But it doesn't have to be this complex.
Here’s my simplified breakdown (written as I continue to learn myself):
1/ Large Language Models (LLM)
This is what most people picture when they think of AI, thanks to tools like ChatGPT, Claude, and Gemini. These are smart tools that read and write like people, capable of answering questions, writing summaries, or helping with email and code when prompted.
Simply put, given a question to answer or instructions, LLMs assemble a response by predicting the words to include in their response. It seems like magic, and in a way, it is. But ultimately, LLMs are sophisticated word prediction machines (a thought that might help you sleep better if you're worried about the robots taking over).
LLMs are the "brains" of AI. The big ones are trained on vast amounts of public internet data. But, crucially, they don’t know anything specific about your company’s customers, products, or internal data unless you connect them.
2/ Workflows and Automation
Think of a workflow as a step-by-step checklist for a repeatable task, such as filing a claim, onboarding a new customer, or handling a support case. These processes involve multiple steps done the same way, repeatedly. Software tools like HubSpot, Salesforce, or ServiceNow usually sequence these workflow steps.
You can even build custom workflows using "no code" tools like Airtable or Monday, replacing the hand-coded (Java, C++, C#, etc.) internal applications I used to build 25 years ago when I graduated from college.

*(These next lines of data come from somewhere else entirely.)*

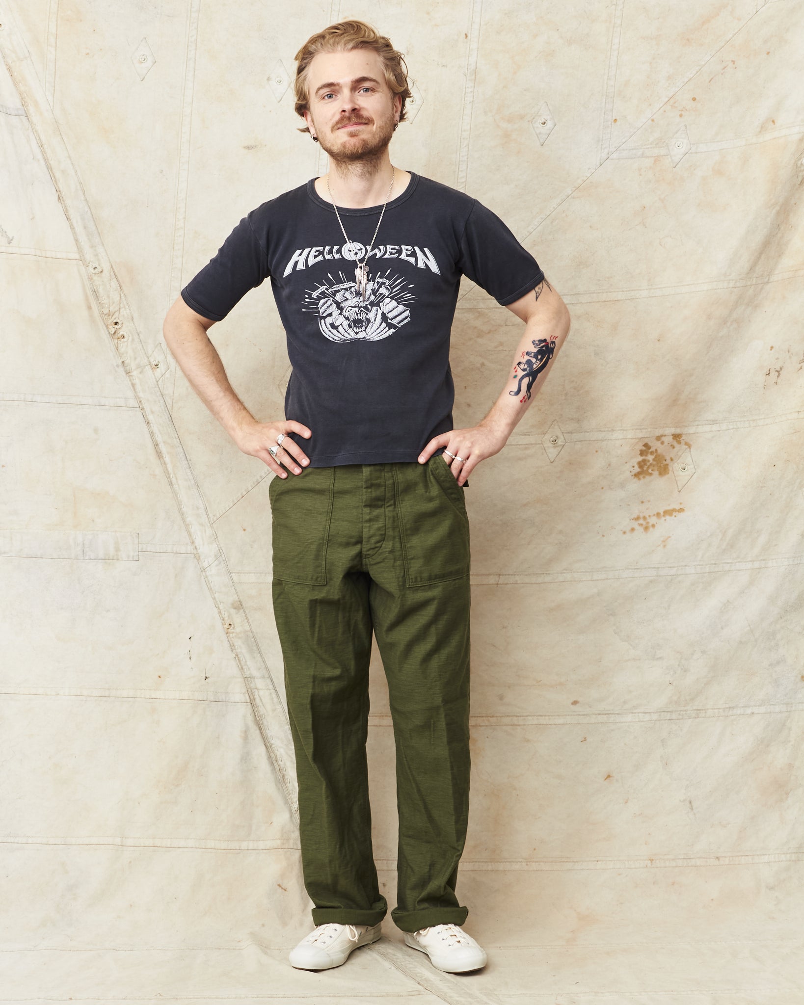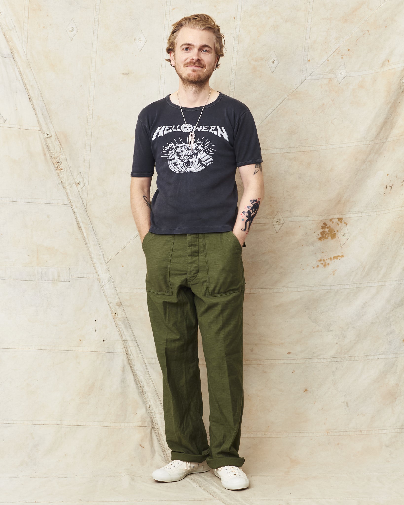 They are made of cotton fabric, produced today in the same way as they were made in the middle of the last century. They look just perfect combined with a faded denim jacket or a thick wool sweater during winter.
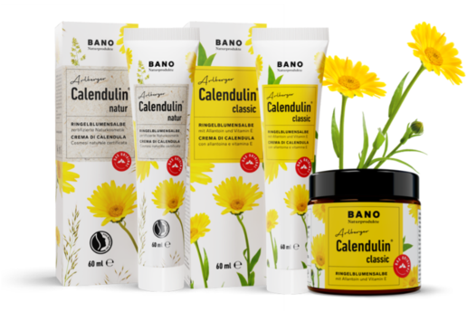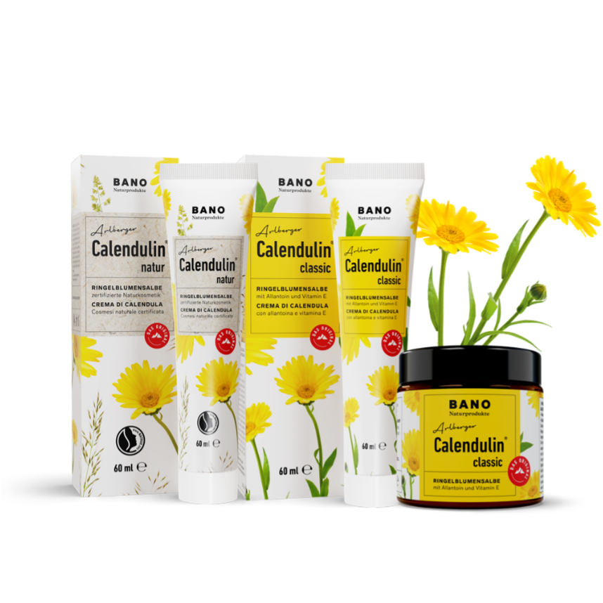 Wer eine Ringelblumensalbe mit demselben Wirkstoffgehalt, jedoch mit leichter Textur und mildem Geruch bevorzugt, ist mit der Calendulin® Natur Ringelbumensalbe gut beraten. Die Calendulin® Natur Ringelblumensalbe ist natrue-zertifiziert. Sie pflegt und schützt die Haut auf natürliche Weise und ist der ideale Begleiter bei rauer, empfindlicher und überbeanspruchter Haut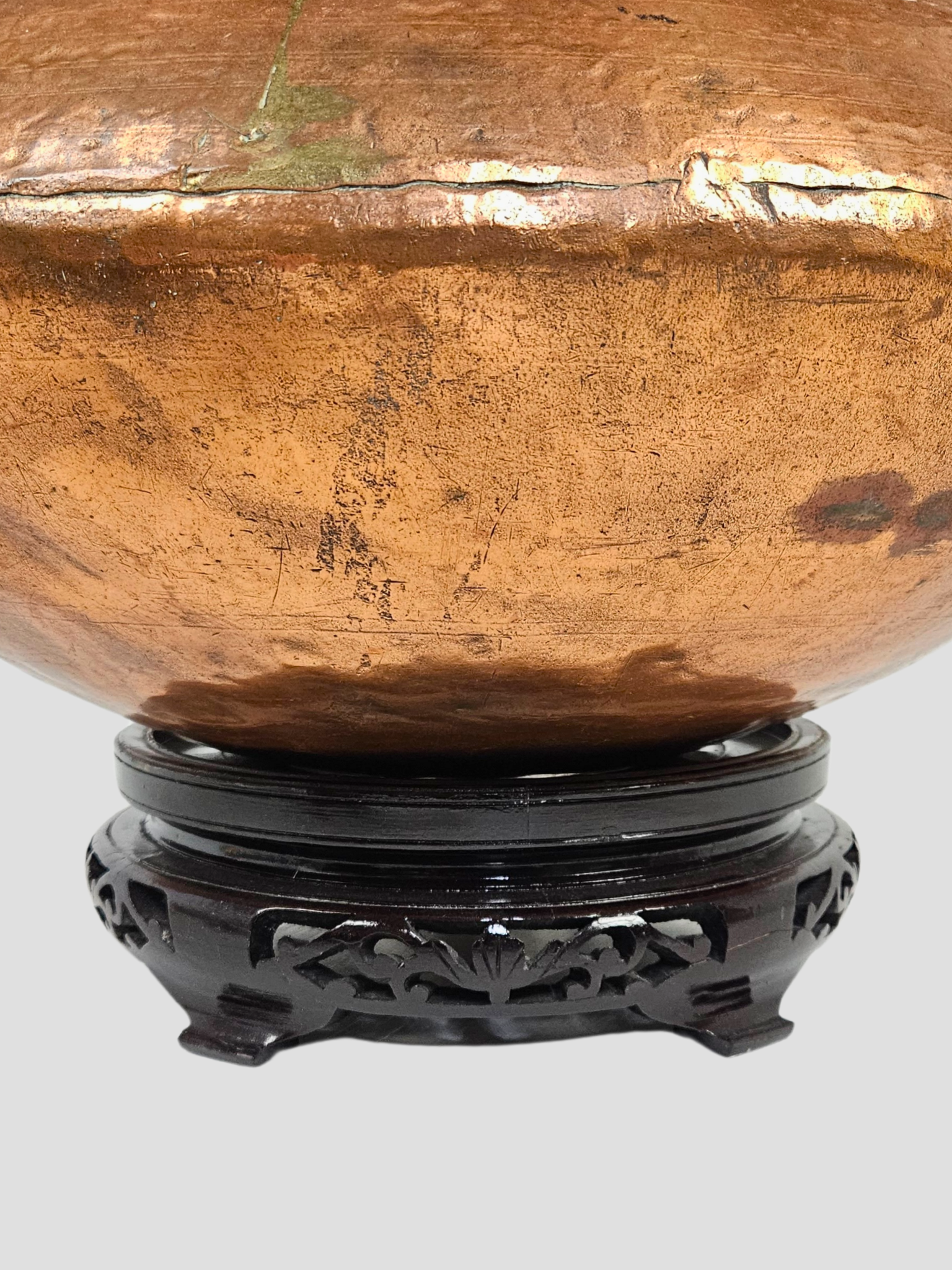 Beautiful copper and bronze vintage Indian Degchi Cooking Pot. Glowing warm patina on this very large Degchi Pot. The large size of this item is what makes it so remarkable.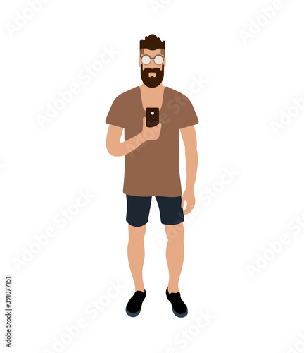 Fototapeta premium Hipster man making selfie. Cartoon character with beard in brown t-shirt and black shirts. EPS 10 Vector.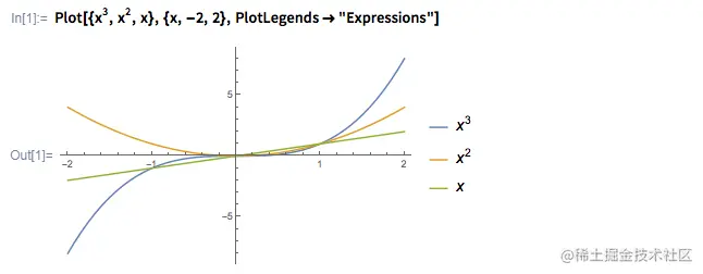 生成多项式函数的二维曲线:(区间 {x,min,max} 定义了绘图范围.)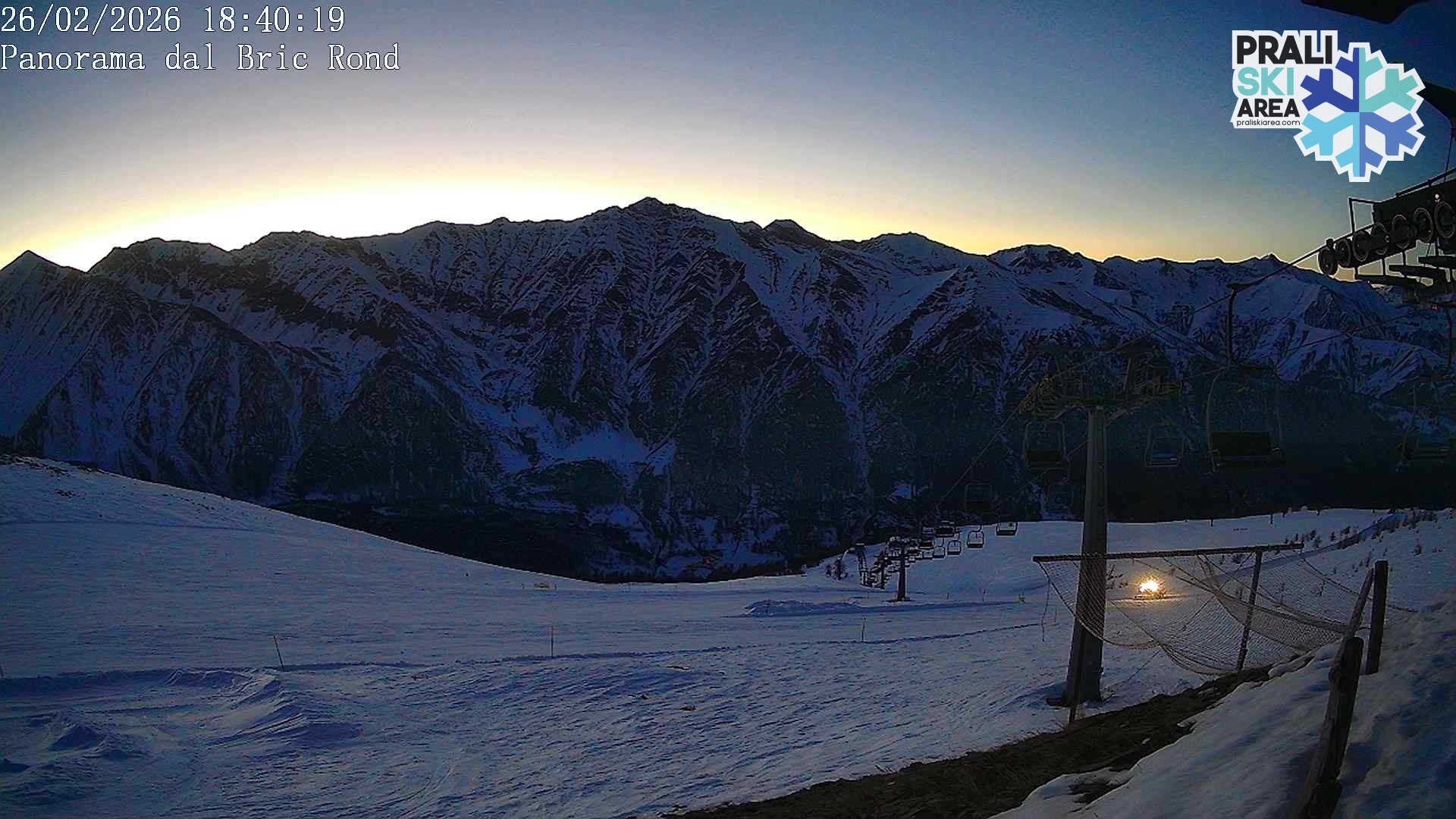 Archiviertes Webcam Bild: Skigebiet Prali - Bric Rond (2540 m) am 26 Feb 2026 um 18:07 Uhr Aktuell

To make different software solutions work together, platforms like Zapier, Workato, Tray.ai, and Microsoft Power Automate come in. These workflow, or “orchestration” platforms, connect to various software via APIs. They capture data, process it (even interacting with an LLM for tasks previously requiring human intervention), and send outputs to the next system. We used to hand-code much of this software integration stuff, too.
3/ AI Agents
An agent does something on behalf of someone else. A travel agent, for instance, plans a trip on your behalf by following a standard process: gathering your preferences, researching lodging and flights, drafting an itinerary, gathering feedback, booking reservations, and communicating the details.
AI agents are like little digital helpers. Give them a specific task within a larger process, and they can either complete it or provide assistance. They can connect to external systems, utilize LLMs for human-like intelligence, and integrate results back into the workflow.
If you're planning a single-family vacation, ChatGPT might suffice. But if you have to do these tasks over and over, like a travel agent does for all their clients, you would need a swarm of AI agents to automate repetitive tasks.
Consider training an intern (or an AI agent) to file an auto insurance claim: they'd need to verify identity, look up account info, check premium payments, gather loss details, determine coverage, recommend next steps, find a repair contractor, and schedule repairs.
You can see how AI agents could automate many individual tasks within this claims process, with the workflow stitching it all together.
This same approach applies to any business process — onboarding customers, managing executive sponsor changes, or handling upsell opportunities.
4/ Workflows vs. Agents
When I asked ChatGPT about the difference between agents and workflows, it supported my understanding:
AI agents are best viewed as components of a workflow, not full workflows themselves. They perform individual, intelligent tasks — and workflows organize how those tasks are sequenced and connected.
However, an OpenAI paper explains how agents can, themselves, orchestrate workflows, especially for dynamic orchestrations like checking across multiple systems (field service, order management, sales, etc.) to determine where an order is stuck and taking the following appropriate action.
AI-driven workflows will eventually automate decision-making across complex processes, such as claims management, vacation travel planning, or those customer success cases mentioned above.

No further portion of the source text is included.